В последующие дни Гайвазовский, вернувшись из гимназии, почти не выходил из своей комнаты. Он решил в дальнейшем еще реже попадаться на глаза Варваре Дмитриевне.

Но не это было главное. Из его головы никак не выходили евреи в синагоге. На улице, на уроках в гимназии и особенно в тихие вечерние часы, когда он оставался один в своей комнате, они неотступно стояли у него перед глазами.

Наконец юный художник понял, что зрелище, которое поразило его в синагоге, будет его преследовать до тех пор, пока он не перенесет его на бумагу. И он начал рисовать.

Обычно рисунки у него получались быстро. Но на этот раз работа шла мучительно медленно. То его не удовлетворяло расположение фигур, то ему казалось, что они все похожи друг на друга. А юному художнику хотелось в этой группе людей показать каждого в отдельности, думающего, мечтающего о своем, ко в то же время слившегося в своих страданиях с остальными.

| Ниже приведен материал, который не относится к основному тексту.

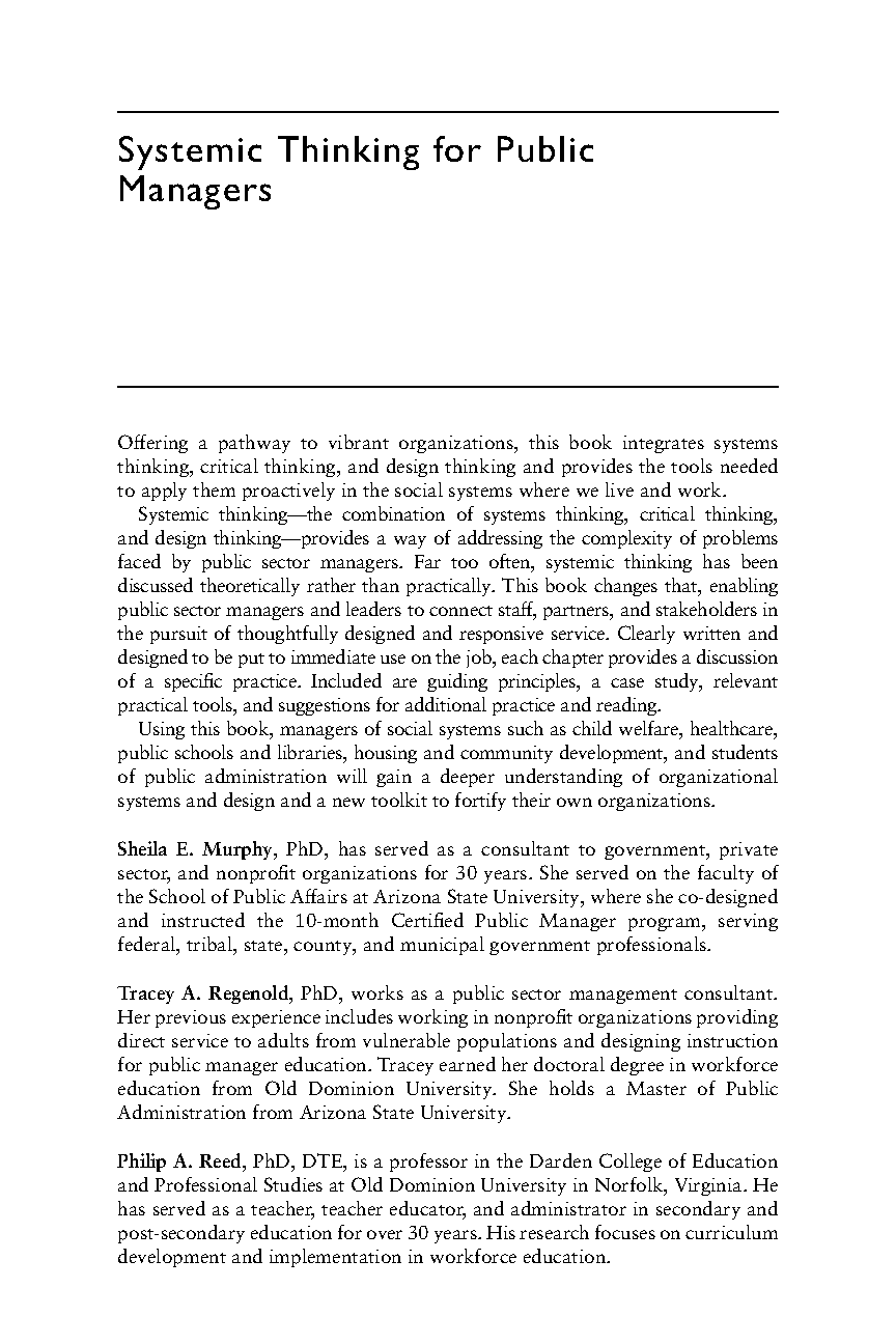 Systemic Thinking for Public Managers: Five Practices for Creating a Vibrant Organization (1st Edition) by Sheila E. Murphy, Tracey A. Regenold, and Philip A. Reed

Он закрывал глаза и ясно видел эти истощенные человеческие фигуры в странной одежде.

Со стороны они могли показаться забавными и даже вызвать веселый смех. Гайвазовскому же было больно. В этих униженных и оскорбленных людях мальчик чувствовал таких же бедняков, как он сам, читал на их лицах как бы частично историю своей судьбы. А на рисунках у него по-прежнему получались только смешные фигурки.

Как-то вечером он особенно горько задумался о себе, о своем положении в доме Казначеевых, где с каждым днем он сильнее чувствовал, что живет из милости, и даже слуги относятся к нему свысока. Но тут же он вспомнил, что и учитель-итальянец, и гимназические учителя, и сам Казначеев — все говорят, что у него счастливый дар и он непременно преуспеет в художестве. И он внезапно ощутил такой прилив сил, такую веру в себя, что ему захотелось громко петь, смеяться и скорее что-то делать. Он подошел к столу, где лежали варианты его рисунка, зажег свечи, схватил карандаш и начал работать с какой-то неудержимостью.

Через два часа он в изнеможении выпустил из пальцев карандаш, рисунок был окончен. Юный художник глядел на свой труд и был им доволен. Наконец он добился того, чего хотел. Фигуры получились характерные, живые. Ощущался даже ритм движений этой взволнованной, охваченной экстазом толпы.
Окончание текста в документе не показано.